I sat down next to Traci at the kitchen table. There was no money in my budget for drugs. “I barely have enough bus fare to go on job interviews. Even if I get this production-assistant job, it won't start for two weeks. No telling how long it will be before I see my first paycheck. And the refrigerator is practically empty.”

“We've got food,” Traci sounded defensive. “Ain't nobody here going hungry.”

“I didn't say I wasn't dirtying a plate on a regular basis. It's just that I get tired of eating beans and rice and tortillas every daggone day.”

“We eat healthy. We got all kind of vegetables in there. I don't know what you're talking about.”

“I'm talking about variety.”

“I suppose next you're gonna tell me that you miss the smell of frying bacon.”

“Don't remind me. Look, Traci, I can live without bacon and steak and pork chops, but I would like to be able to buy some chicken or fish each week. I can't see spending food money on drugs when we can't afford certain groceries.”

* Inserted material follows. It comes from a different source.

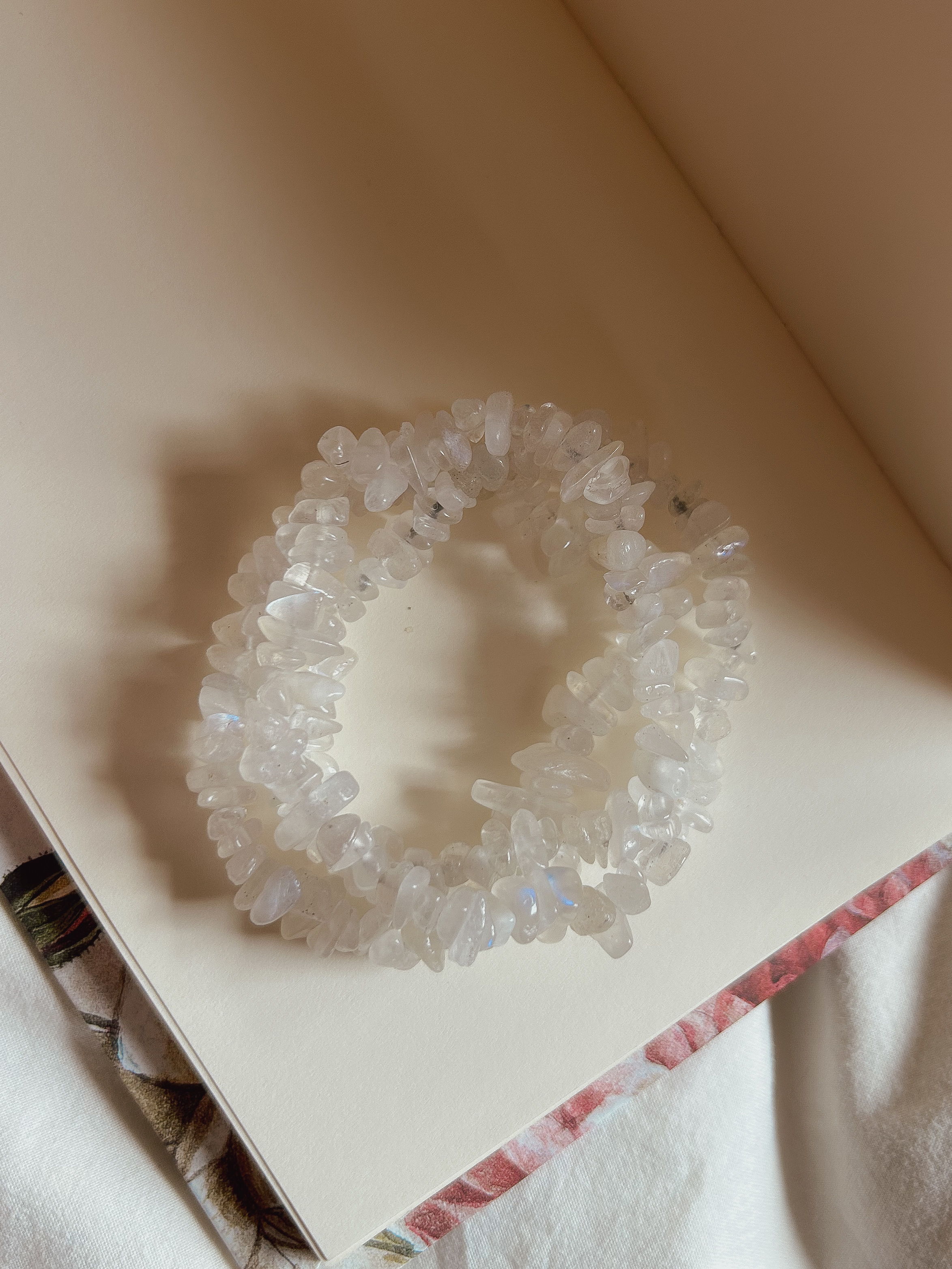 Pietra di Luna, la pietra legata alle energie lunari, positiva per l'equilibrio dell'umore e degli ormoni.
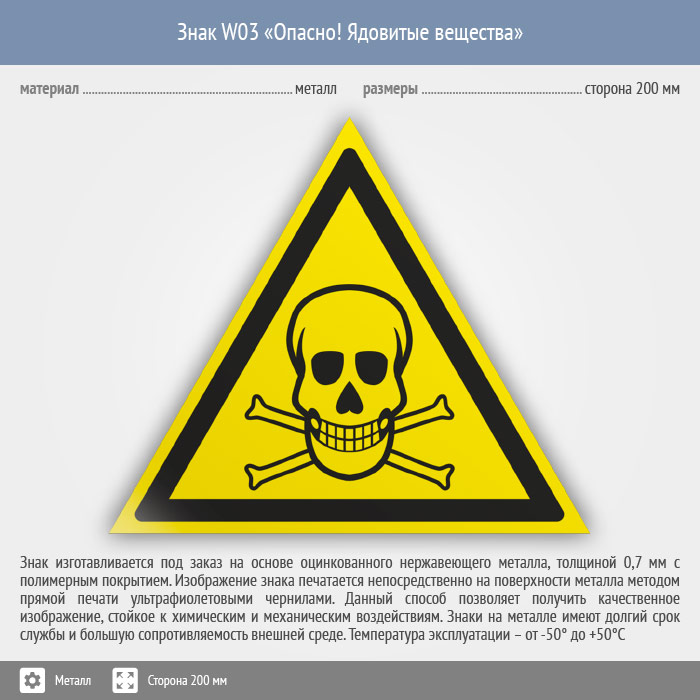 Знак W03 «Опасно! ядовитые вещества» (металл, сторона 200 мм) в Ставрополе купить

“Look, just give us what you can. I'll get you some fish. I get paid next Friday. Jawea gets her SSI check soon.”

“SSI check, what's that?”

“Social Security Insurance. Jawea's on for a mental disability,” Traci explained as she drew a glass of spring water from the cooler.

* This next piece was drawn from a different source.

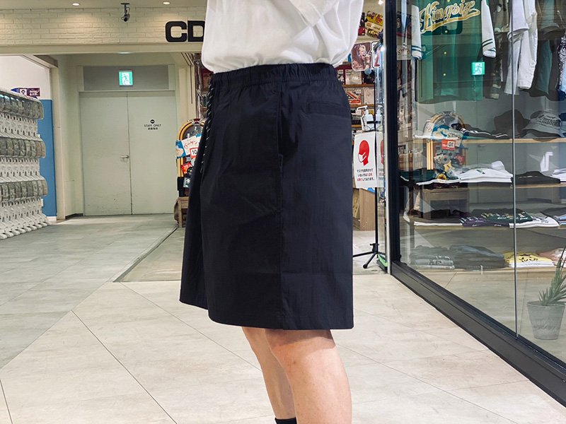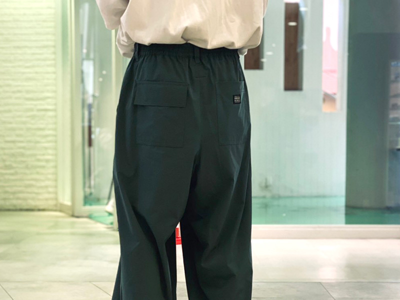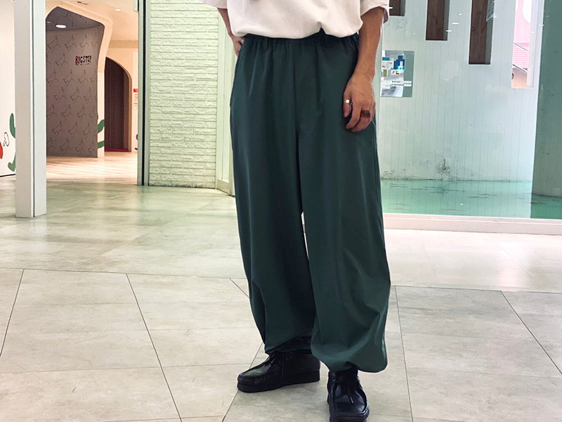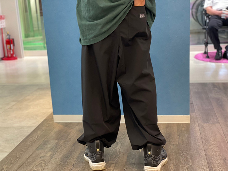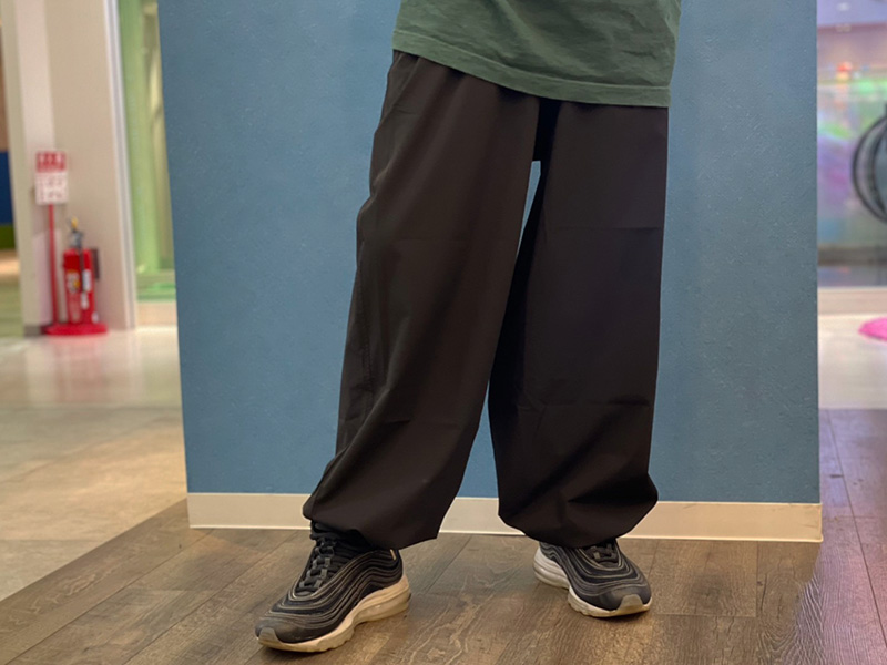 ストレッチの効いたナイロン素材にウェストゴム仕様でリラックスして着用できるイージーパンツ。裾部分のドローコードでシルエットを調整できるのも魅力。

I stood up. “Is Jawea crazy? Am I living with a mental patient?”

“Jawea's not crazy. She's just sensitive, that's all. She's an artist.”

“How come she qualifies for SSI then? Do you just have to be an artist to get it?”

“Jawea told them that she was a lesbian.”

“So?”

“It was back before the Psychiatric Association dropped homosexuality from its list of mental disorders.”

“Are you trying to tell me that you could just go down to Social Security and tell them that you were gay, and they would start sending you checks?”

“Pretty much. If you were on that list, you were as good as crazy. And up until a couple of years ago, homosexuality was on that list. What could SSI do? Their hands were tied.”

“Well, when the APA dropped homosexuality from its list, how come SSI didn't stop sending Jawea money?”

“I guess it wasn't retroactive. Once you've been certified crazy, you're crazy.”

“Incredible!”

“Anyway, Stevie, how much money can you contribute to our cause?”

“What cause?”

“The coke cause.”

“OK, ten dollars,” I answered reluctantly.

“Cocaine will soon be blowin' through my brain,” Traci sang.

I reached into my pocket and handed Traci my last ten-dollar bill. She clutched it so tight, I swear, she made the eagle holler.

“These are the best of times,” Traci declared. “I'm even gonna be on TV.”

“For real?” I asked, filling up the teapot.

“Yeah, KPIX is doing a segment about people stealing milk crates from the grocery stores. It's to raise awareness to let folks know that crates cost money and taking them is hurting the stores. I was chosen by the collective to speak for Loving Foods.”

“Where did you get your crates from?”

“I liberated them from a large supermarket chain, nowhere like Loving Foods.”